Paul Krugman has a great post on fiscal stimulus that throws light on two questions I’ve been scratching my head about. Firstly, there are those, like Kenneth Rogoff, who argue that fiscal stimulus is not borne out by the evidence to be an effective economic policy tool in situations such as the US and other economies recently found themselves.

Well, this data from Krugman, if not putting a nail in the coffin of that argument, at least offers some pretty impressive prima facie evidence for the effectiveness of fiscal stimulus. Here’s how one economist initially saw it affecting gdp growth rates evolving over the post-stimulus months:


And here’s what happened:


True, they are not an exact match – but the key thing to notice I think is the pattern exactly bears that same structure as stimulus theory and forecasts like the one above suggest. (Krugman puts the delay in the real data down to variations caused by changing inventory stocks, which effect the actual GDP as noise in the model that applies in real life.)

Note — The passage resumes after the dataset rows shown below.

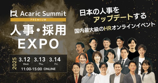 大学院生を中心とする高度専門人材のキャリア支援を行う株式会社アカリク(本社:東京都渋谷区、代表取締役:山田 諒)は、国内最大級のHRオンラインイベント「Acaric Summit Premium 人事・採用EXPO -2025 -Spring」を2025年3月12日(水)・3月13日(木)・3月14日(金)に開催いたします。
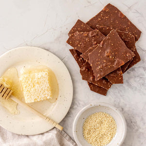 A delicate balance of sweet and savoury, this bark is made with 34% milk couverture chocolate scattered with crunchy Manuka honeycomb pieces & earthy toasted white sesame. Each bite offers a rich, decadent, flavour profile that will keep you coming back for more. MOREISH!
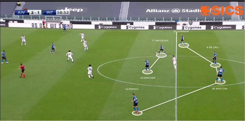 Negli ultimi tempi poi, Conte ha accentuato una costruzione a quattro per andare successivamente a sviluppare 4-2-4 in fase di risalita, cercando di sfruttare soprattutto la coppia Barella – Hakimi che andava a crearsi sul lato destro del campo.
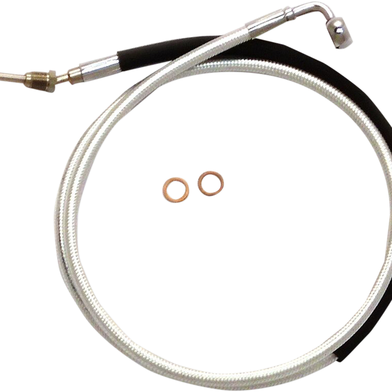Caracteristicas: Constructed with PTFE inner tubing, DuPont Kevlar aramid fiber, premium Signature Magnum braids and an outer PVC jacket Three unique stainless steel transmission fittings eliminate the use of adapters Braid color and weave match all other Magnum control cables and brake lines Crystal clear outer jacket offers exceptional protection against scuffing the bike's paint or chrome and will never discolor Inner PTFE tubing braided with aramid fiber provides the ultimate in high performance and is compatible with all hydraulic fluids Transmission fittings for all hydraulic clutch lines have a natural stainless steel finish Compliant with all DOT FMVSS-106 Specifications Assembled in the U.S.A. 99-12 OE Harley, CVO, P&A and 02-17 V-Rod hydraulic clutch line fittings require taking a measurement to determine ordering length
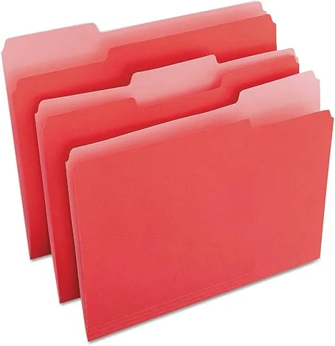 Universal UNV10503 1/3-Cut Tabs Deluxe Colored Top Tab File Folders – Letter Size, Red/Light Red (100/Box)
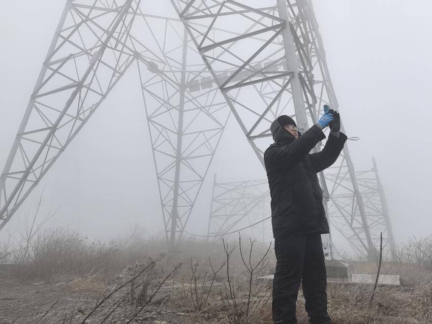 15点,空中雾气弥漫,方畅仔细观测模拟线路覆冰情况,李甫轩则手握风速仪测量风力。“线路未见覆冰倾向,绝缘子未覆冰。”两人及时传回观测数据。
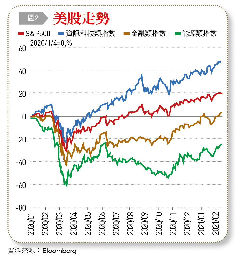 有別於實體經濟,全球股市雖也在疫情爆發後急挫,但自2020年3月下旬便迅速從低點反彈,其後並屢屢創下歷史新高。2021年2月17日標普500(S&P 500)指數漲至3,931.33點,相較谷底漲幅高達75.7%,並較疫情爆發前之高點高出20.67%〔圖2〕,MSCI全球指數更自低點上漲約78%來到682.7點,較其疫前高點漲逾15%。深究全球股市走勢與實體經濟表現明顯脫鉤的原因有四:
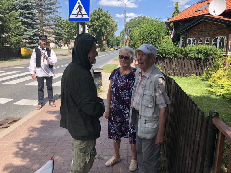 Po drodze spotykamy oczywiście ludzi. Odtwarzający główną rolę pozdrawia ich i przedstawia się nazwiskiem Wańkowicza. Wywiązują się rozmowy. Jedna z nich z małżeństwem w starszym wieku – trzymającym się za ręce. Małżonkowie przyznają, że wywodzą się z Kresów, ale postać Wańkowicza jest im znana, jak i jego twórczość, głównie ta mazurska.
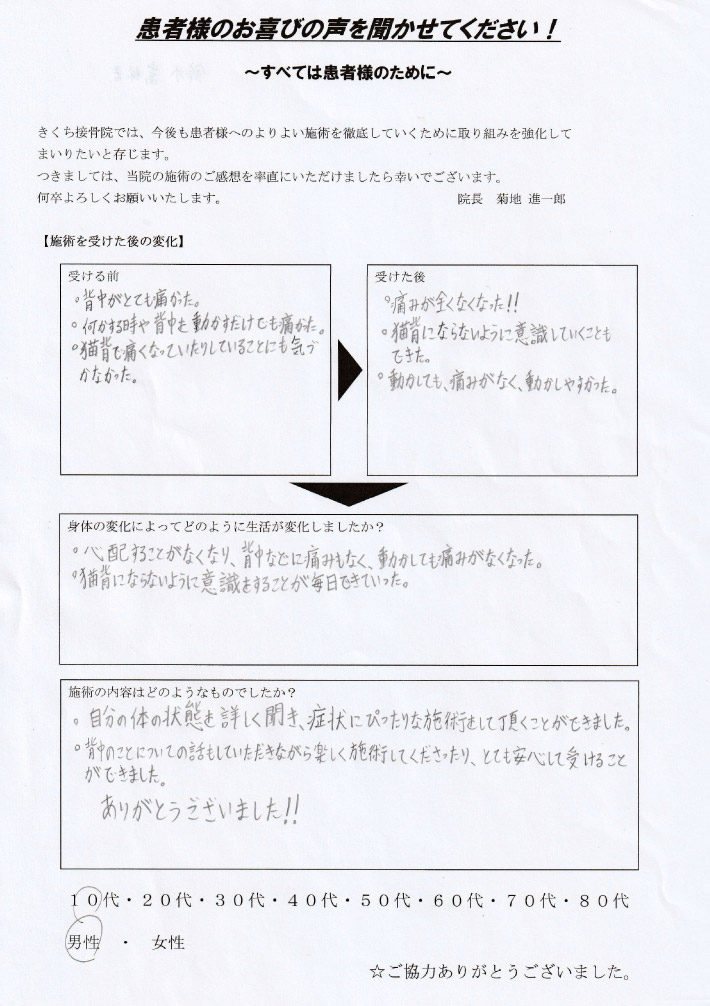 - ・心配することがなくなり、背中などに痛みもなく、動かしても痛みがなくなった
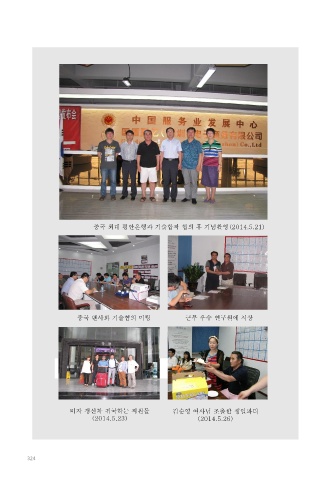 중국 최대 평안은행과 기술합작 협의 후 기념촬영(2014.5.21) 중국 밴사와 기술협의 미팅 근무 우수 연구원에 시상 비자 갱신차 귀국하는 직원들 김순영 여사님 조촐한 생일파티 (2014.5.23) (2014.5.26) 324
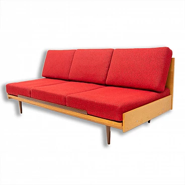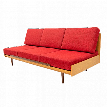 Divano letto pieghevole con struttura in faggio, anni '60
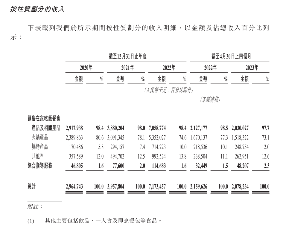 在鍋圈的財(cái)報(bào)中,具體某類產(chǎn)品的銷售數(shù)據(jù)被簡化,僅剩下整體的銷售額和占比。
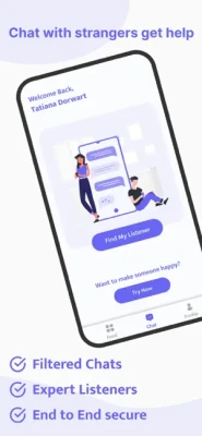 This app is not with the main motive to match you and talk to strangers but provides additional features such as venting, matching with listeners, signing up as a listener, and many more. Our app is a safe safe community as on this app we have made a filter to not allow any spam or inappropriate language.
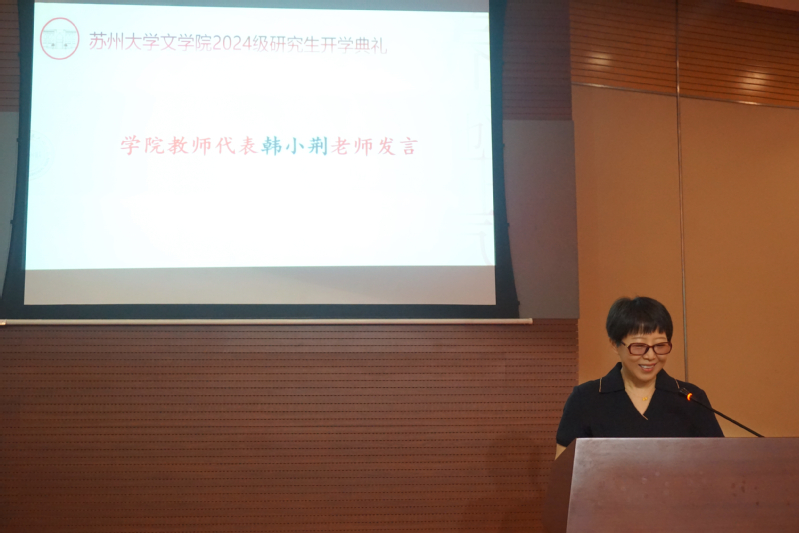 随后,学院党委书记宋清华致欢迎辞。宋清华首先祝贺2024级研究生新生升学成功,随后介绍了苏州、苏大及文学院的发展历史和成就。她强调,苏州作为一座底蕴深厚的文明古城,兼具传统与现代之美,为学子们提供了广阔的学术与文化探索空间,“养天地正气,法古今完人”的校训,激励了一代又一代苏大人奋发前行,苏大也取得了长足的进步;文学院更是历史悠久,师资雄厚,为新生们的学术成长和职业发展提供了坚实的基础。最后,宋清华勉励新生们要珍惜时光,努力学习,做最好的自己,今日我以苏大为荣,他日苏大一定以我为荣!
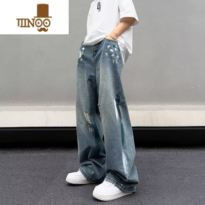YANXU水洗破洞牛仔裤男夏季设计感小众宽松阔腿直筒拖地裤美式vibe裤子
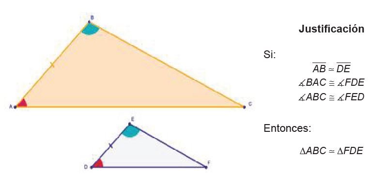 Si dos triángulos tienen dos parejas de ángulos congruentes entre ellos, significa que son semejantes. Se muestra en la figura 3.15.
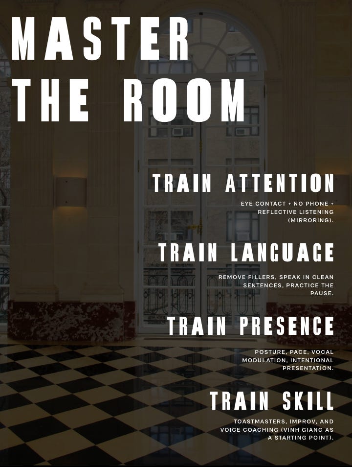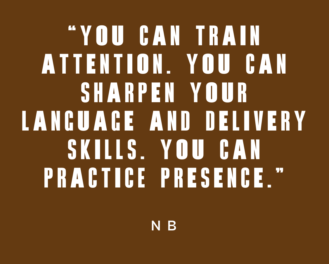 You can train attention. You can sharpen your language and delivery. You can practice presence. But start with the rarest thing: being fully with someone. Put the phone away. Hold eye contact longer than you naturally would. Let someone finish their thought before you jump in. Repeat back one key point before offering your own — not to mimic, but to confirm understanding. It changes everything.
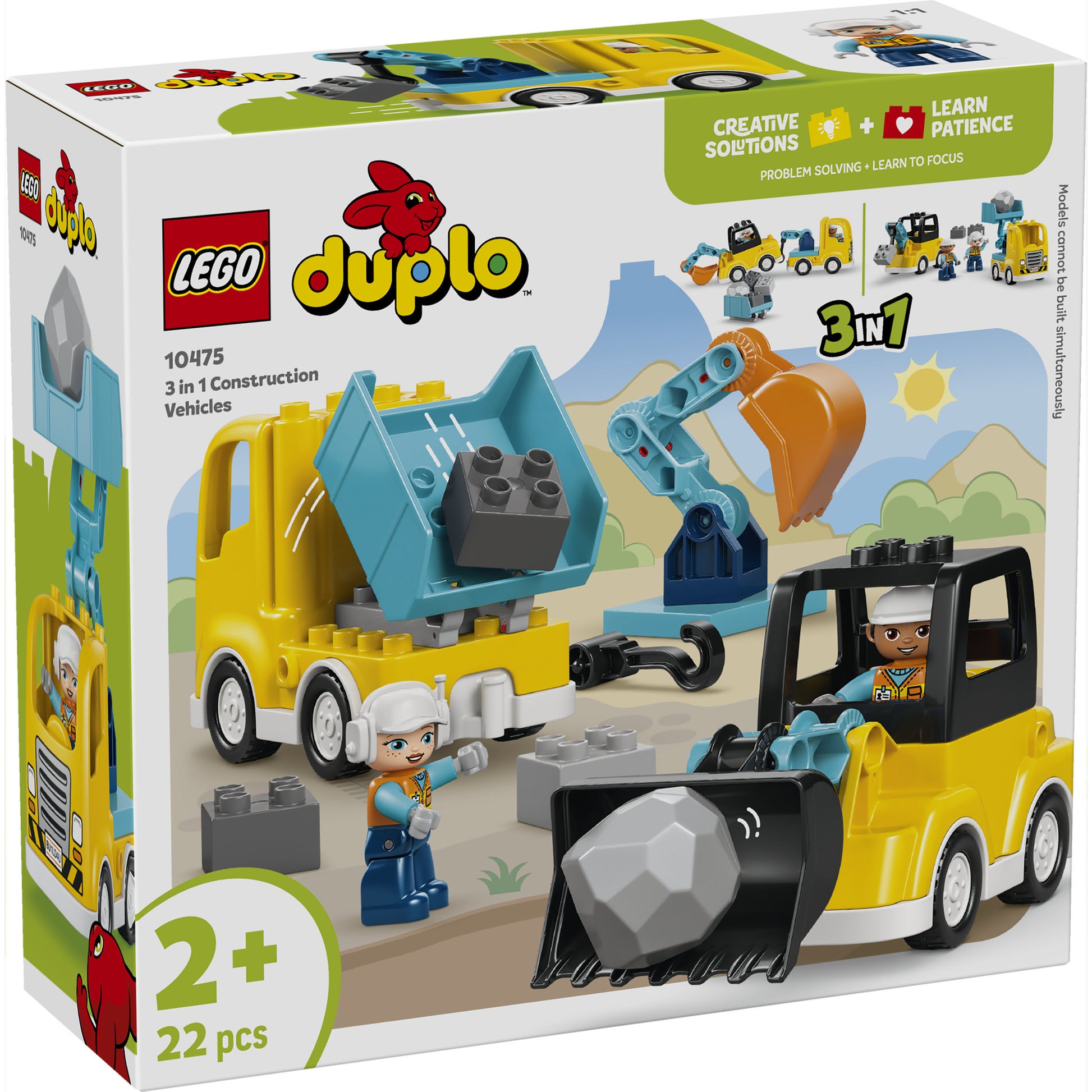 Building Toys for Toddlers – Rev up young kids’ creativity with the LEGO® DUPLO® Town 3 in 1 Construction Vehicles (10475) set, containing 22 bricks to assemble into 6 toddler truck toy building options
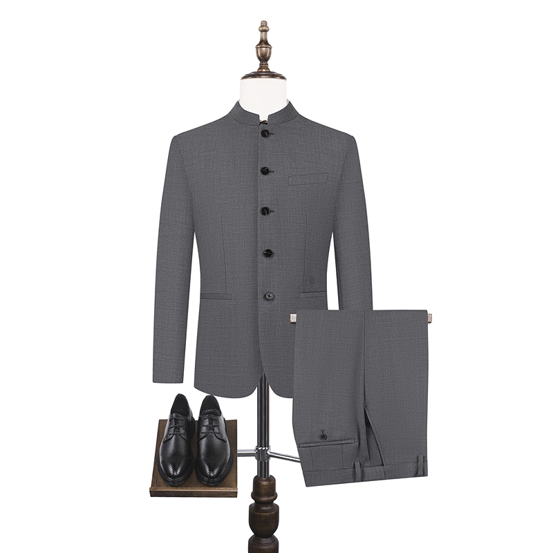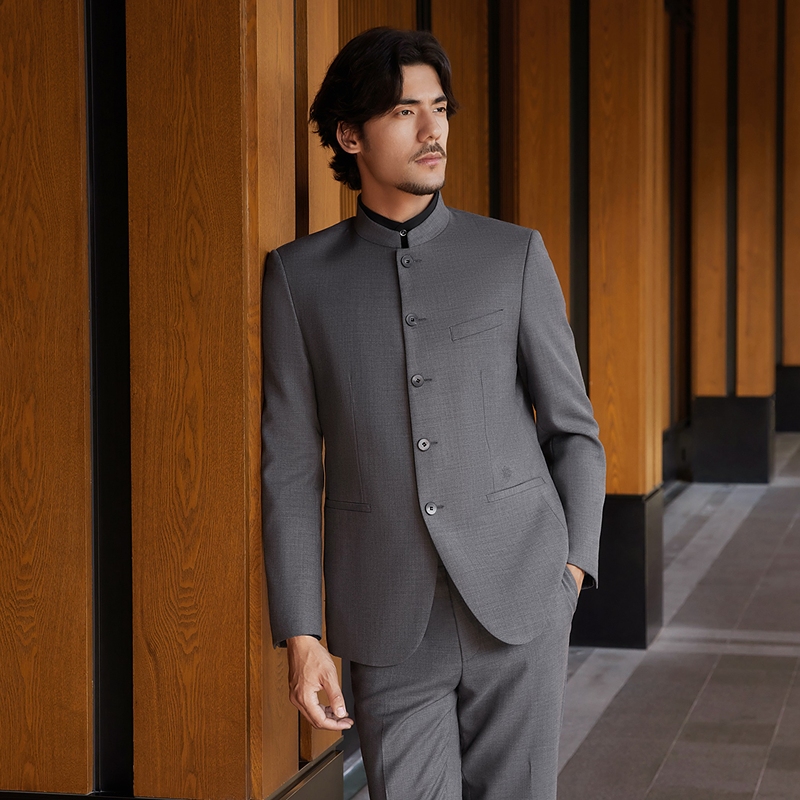 男秋冬国风商务正装 套装 柒牌立领西装 单排中山装 中华立领

But secondly, the Krugman post explains why it is that two months ago, when earnings reporting season began in the financial markets, a bunch of companies showed surprisingly positive results, and from revenues too, not just cost cutting, despite the fact that the long term prospects were seen as decidedly gloomy. Because, the boost to GDP is temporary: After that, you need real private sector demand to come in and fill the gap, to keep GDP growing (as shown in the graphic below, from Deutche Bank via Krugman). Which also explains, why people fear a double dip once the stimulus is over.


So when will demand come back online? When people get their jobs back, for one thing. (And, by all account, that will take years.) Further, when demand appears to be recovering strongly enough to justify new private sector investment. By the looks, it ain’t gonna come from the US housing market any time soon, that’s for sure. And tight credit markets – unwillingness by banks to lend – is not helping either.